In the data below, find the line containing "차량용 냉장고 시트백 오거나이저 어린이 헤드레스트", then set down that line and every later line up to and including the line containing "Slika 5. Hibrid Cobb", exactly.

# # # #

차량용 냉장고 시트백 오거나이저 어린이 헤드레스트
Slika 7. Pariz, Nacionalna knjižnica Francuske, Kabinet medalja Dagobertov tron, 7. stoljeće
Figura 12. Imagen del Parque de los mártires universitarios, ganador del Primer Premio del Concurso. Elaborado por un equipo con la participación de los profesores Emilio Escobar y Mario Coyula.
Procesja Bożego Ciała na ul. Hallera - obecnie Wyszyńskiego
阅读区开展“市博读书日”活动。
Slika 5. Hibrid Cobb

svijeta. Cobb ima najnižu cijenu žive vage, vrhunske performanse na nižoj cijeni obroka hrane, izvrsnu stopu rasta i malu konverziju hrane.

# # # #

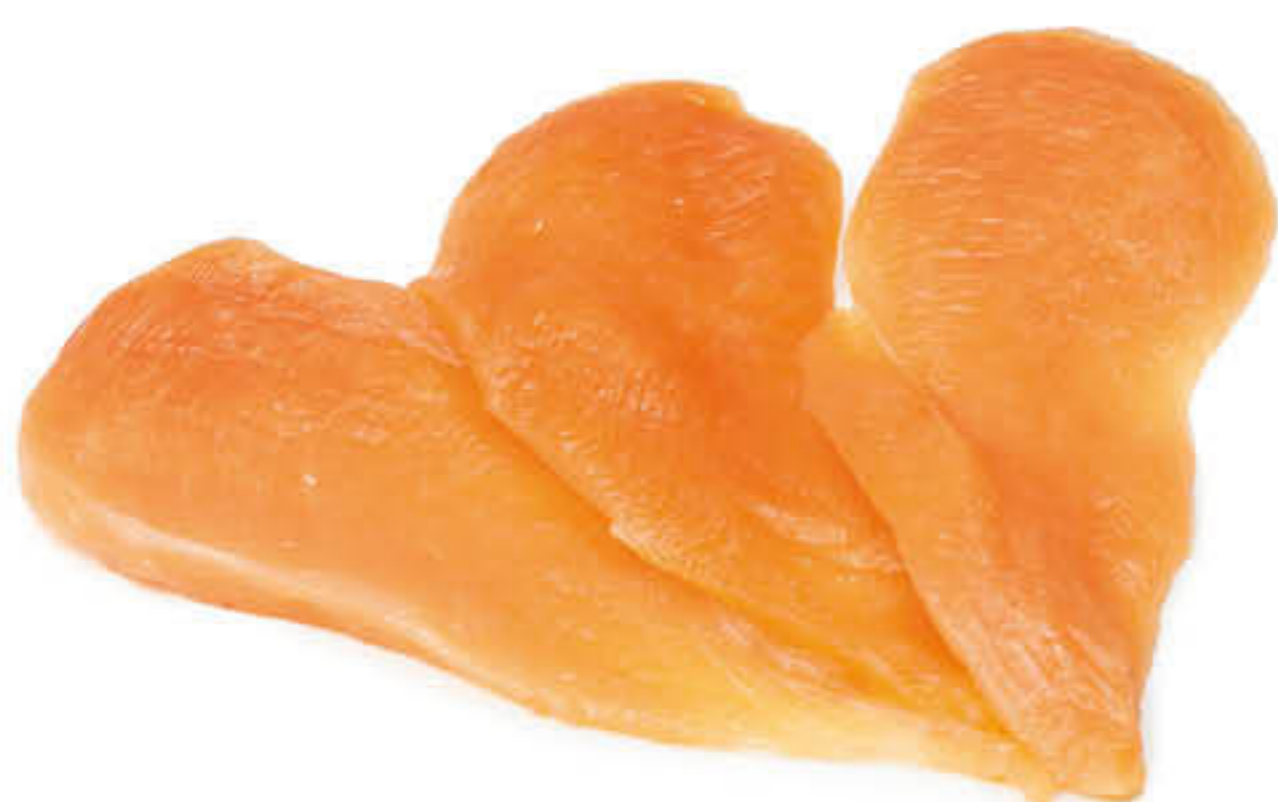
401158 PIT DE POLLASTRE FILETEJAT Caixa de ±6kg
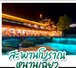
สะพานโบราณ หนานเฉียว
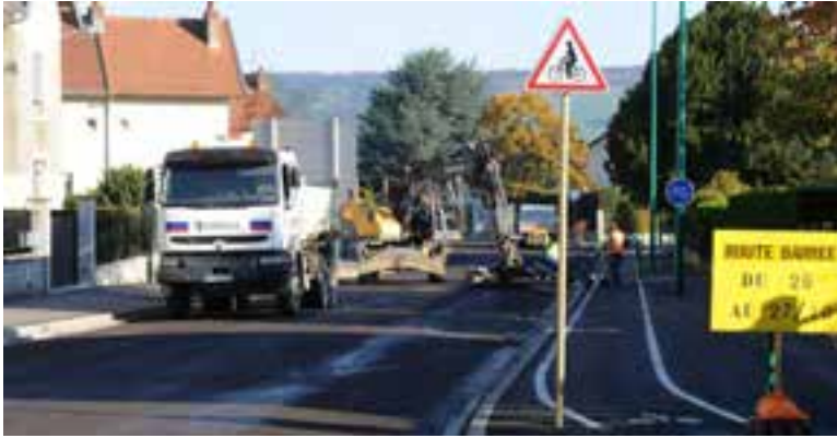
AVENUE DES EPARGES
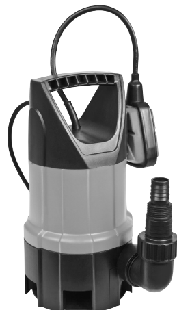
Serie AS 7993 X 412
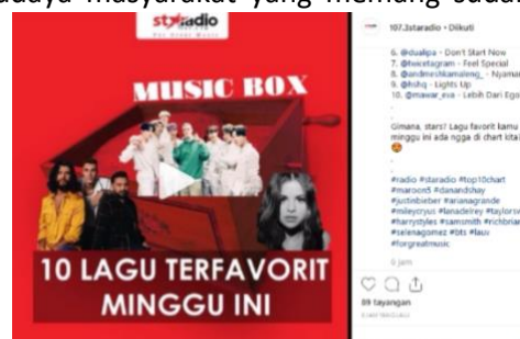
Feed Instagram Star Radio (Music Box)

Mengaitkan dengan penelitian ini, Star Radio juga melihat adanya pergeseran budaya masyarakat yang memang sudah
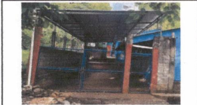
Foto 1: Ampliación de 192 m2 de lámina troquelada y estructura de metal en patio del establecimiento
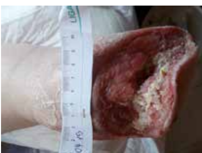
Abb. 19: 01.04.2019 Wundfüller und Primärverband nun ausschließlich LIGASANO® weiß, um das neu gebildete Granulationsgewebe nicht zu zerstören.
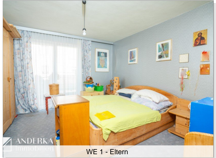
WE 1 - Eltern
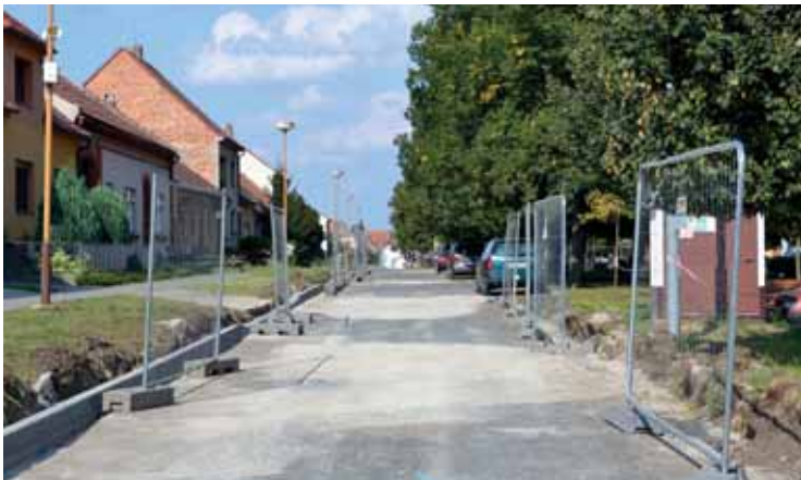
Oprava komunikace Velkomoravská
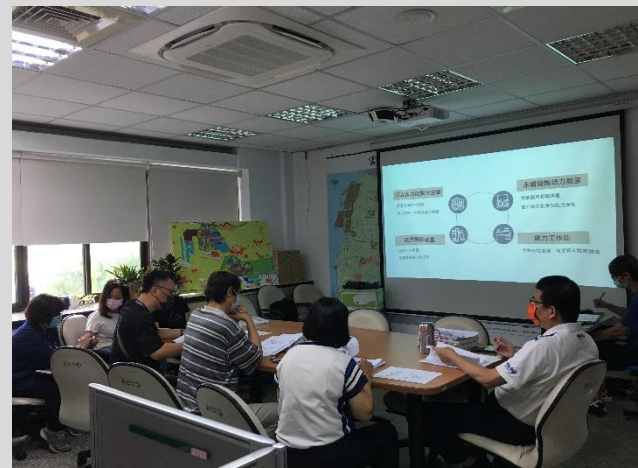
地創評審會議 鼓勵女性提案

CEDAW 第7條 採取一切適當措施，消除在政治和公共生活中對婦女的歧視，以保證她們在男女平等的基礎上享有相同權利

# # # #

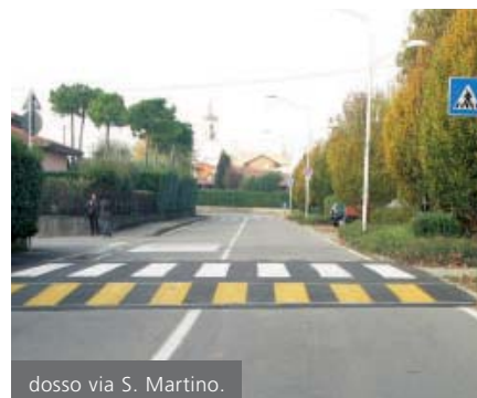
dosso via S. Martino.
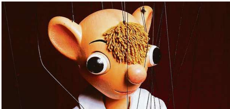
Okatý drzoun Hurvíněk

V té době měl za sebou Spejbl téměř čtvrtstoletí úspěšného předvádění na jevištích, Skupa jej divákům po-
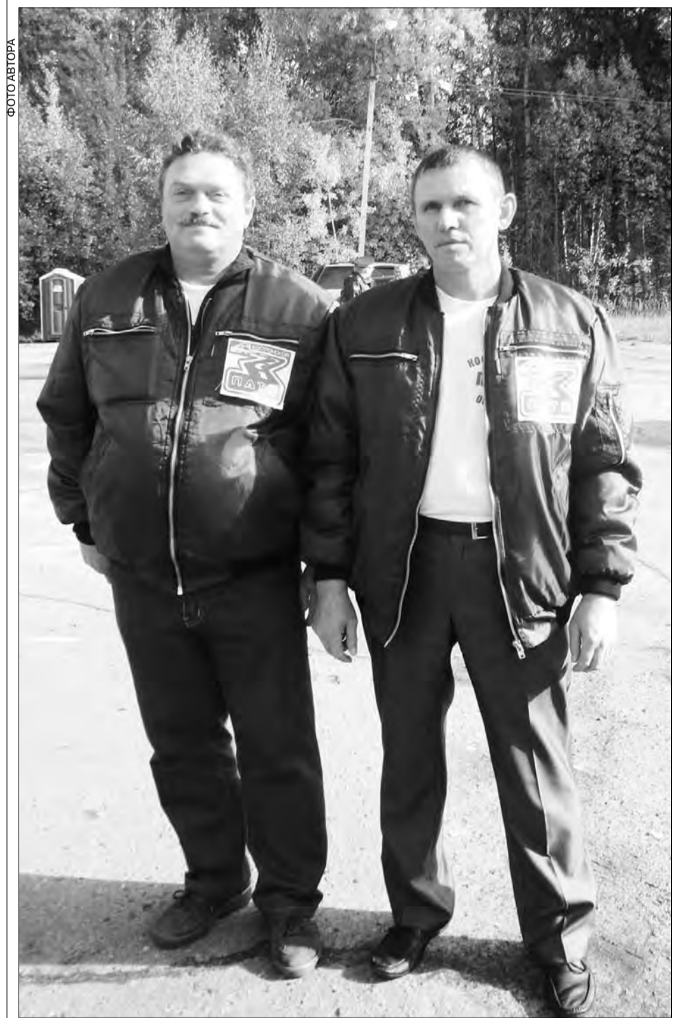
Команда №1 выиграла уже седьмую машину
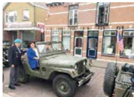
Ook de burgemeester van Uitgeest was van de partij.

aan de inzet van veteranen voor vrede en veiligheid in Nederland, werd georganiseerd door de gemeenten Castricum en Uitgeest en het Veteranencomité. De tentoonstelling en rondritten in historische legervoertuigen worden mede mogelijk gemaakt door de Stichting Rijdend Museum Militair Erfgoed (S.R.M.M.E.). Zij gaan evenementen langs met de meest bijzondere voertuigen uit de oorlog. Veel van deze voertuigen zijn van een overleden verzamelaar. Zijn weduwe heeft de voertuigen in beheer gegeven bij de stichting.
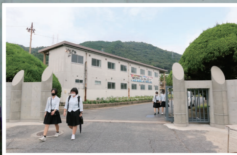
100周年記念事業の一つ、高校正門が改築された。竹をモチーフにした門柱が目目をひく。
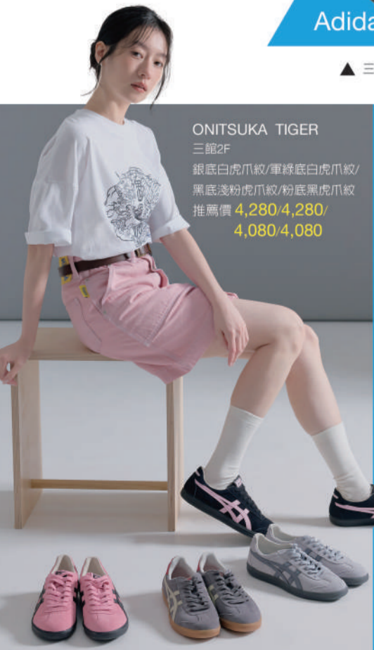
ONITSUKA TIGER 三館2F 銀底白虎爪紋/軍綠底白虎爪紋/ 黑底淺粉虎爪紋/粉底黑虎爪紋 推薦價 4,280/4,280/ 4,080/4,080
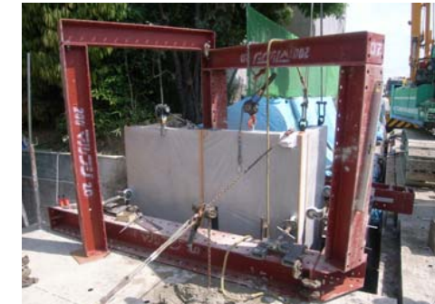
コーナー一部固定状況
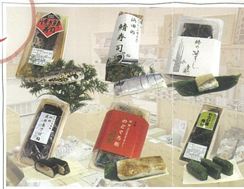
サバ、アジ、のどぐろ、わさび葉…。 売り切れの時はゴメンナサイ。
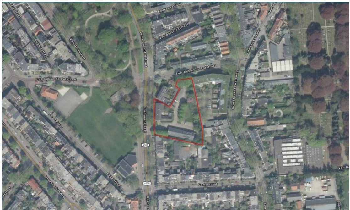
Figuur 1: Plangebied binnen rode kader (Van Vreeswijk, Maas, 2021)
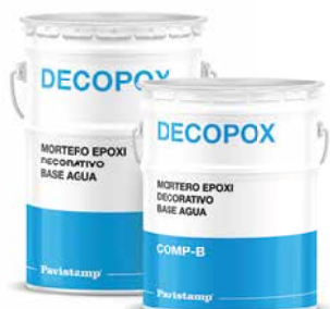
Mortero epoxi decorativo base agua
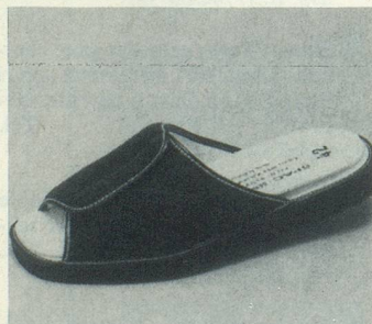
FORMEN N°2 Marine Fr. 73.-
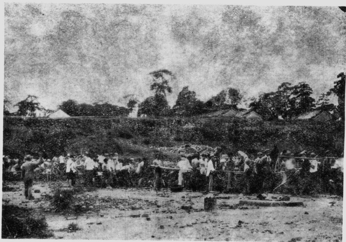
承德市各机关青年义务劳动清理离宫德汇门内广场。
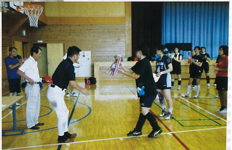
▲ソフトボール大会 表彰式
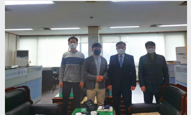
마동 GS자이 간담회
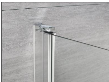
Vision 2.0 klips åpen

# # # #

■ **Exercise output**:
차량용 냉장고 시트백 오거나이저 어린이 헤드레스트
Slika 7. Pariz, Nacionalna knjižnica Francuske, Kabinet medalja Dagobertov tron, 7. stoljeće
Figura 12. Imagen del Parque de los mártires universitarios, ganador del Primer Premio del Concurso. Elaborado por un equipo con la participación de los profesores Emilio Escobar y Mario Coyula.
Procesja Bożego Ciała na ul. Hallera - obecnie Wyszyńskiego
阅读区开展“市博读书日”活动。
Slika 5. Hibrid Cobb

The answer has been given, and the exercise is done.